◆ **REQUIRED WORK**: Ignoring every picture, return the lines of the listing below word for word, from the line that holds "ИРИ был образован" through the line that holds "From the Dalton".

◆ **RECORDS TO USE**:
'''
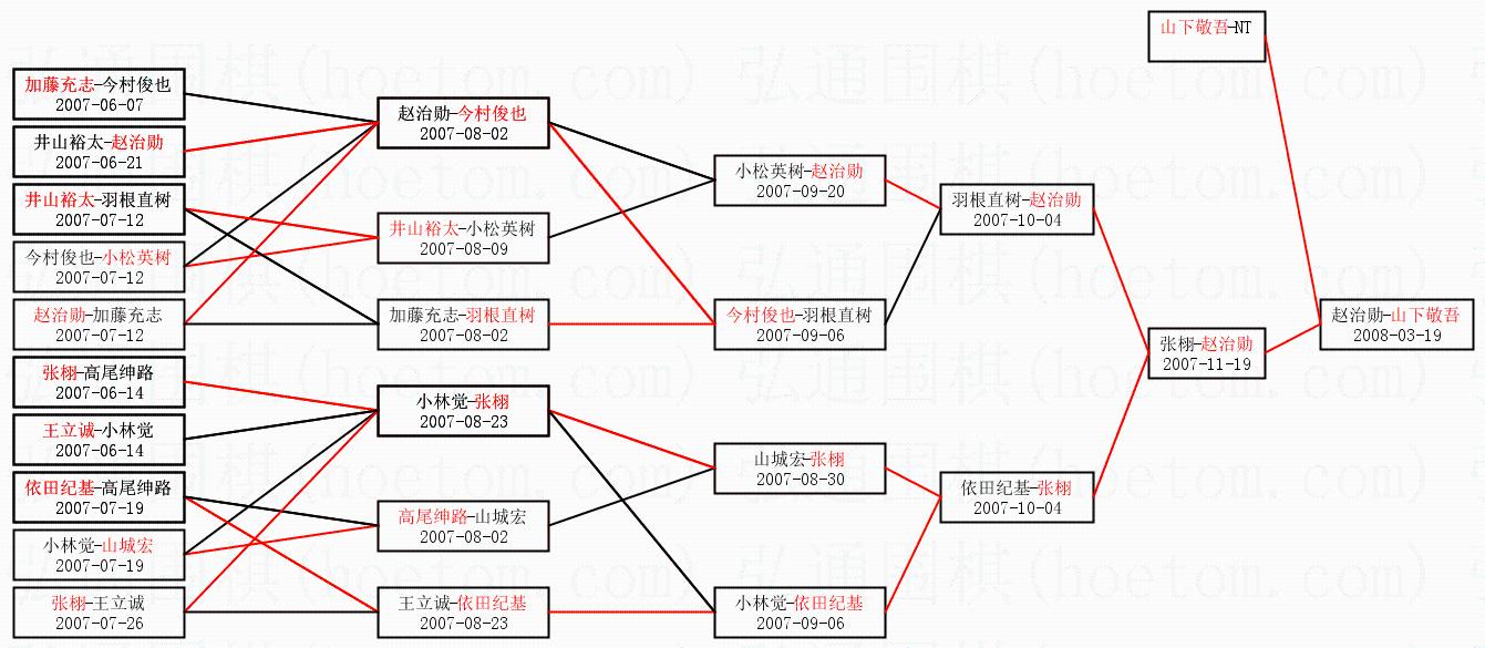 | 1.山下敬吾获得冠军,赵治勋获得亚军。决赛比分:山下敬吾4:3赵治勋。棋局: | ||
'''
'''
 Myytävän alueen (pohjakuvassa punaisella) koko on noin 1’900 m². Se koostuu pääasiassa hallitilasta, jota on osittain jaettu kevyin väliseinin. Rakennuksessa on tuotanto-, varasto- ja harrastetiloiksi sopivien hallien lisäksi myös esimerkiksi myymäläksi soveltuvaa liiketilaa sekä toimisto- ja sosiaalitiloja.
'''
'''
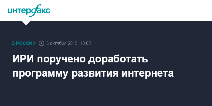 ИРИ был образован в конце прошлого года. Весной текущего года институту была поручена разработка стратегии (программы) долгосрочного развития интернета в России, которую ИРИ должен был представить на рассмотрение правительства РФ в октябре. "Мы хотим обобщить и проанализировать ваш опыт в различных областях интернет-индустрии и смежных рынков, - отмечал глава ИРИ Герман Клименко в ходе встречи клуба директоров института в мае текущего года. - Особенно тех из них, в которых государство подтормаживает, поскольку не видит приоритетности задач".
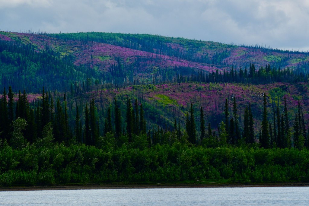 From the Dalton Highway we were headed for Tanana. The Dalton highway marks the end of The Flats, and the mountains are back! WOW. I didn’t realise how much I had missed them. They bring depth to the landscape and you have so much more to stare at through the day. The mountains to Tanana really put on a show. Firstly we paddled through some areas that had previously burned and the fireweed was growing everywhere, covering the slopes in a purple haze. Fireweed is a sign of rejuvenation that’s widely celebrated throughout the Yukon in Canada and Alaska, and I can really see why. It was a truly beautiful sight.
'''
◆ **WRITTEN RESPONSE**:
 ИРИ был образован в конце прошлого года. Весной текущего года институту была поручена разработка стратегии (программы) долгосрочного развития интернета в России, которую ИРИ должен был представить на рассмотрение правительства РФ в октябре. "Мы хотим обобщить и проанализировать ваш опыт в различных областях интернет-индустрии и смежных рынков, - отмечал глава ИРИ Герман Клименко в ходе встречи клуба директоров института в мае текущего года. - Особенно тех из них, в которых государство подтормаживает, поскольку не видит приоритетности задач".
 From the Dalton Highway we were headed for Tanana. The Dalton highway marks the end of The Flats, and the mountains are back! WOW. I didn’t realise how much I had missed them. They bring depth to the landscape and you have so much more to stare at through the day. The mountains to Tanana really put on a show. Firstly we paddled through some areas that had previously burned and the fireweed was growing everywhere, covering the slopes in a purple haze. Fireweed is a sign of rejuvenation that’s widely celebrated throughout the Yukon in Canada and Alaska, and I can really see why. It was a truly beautiful sight.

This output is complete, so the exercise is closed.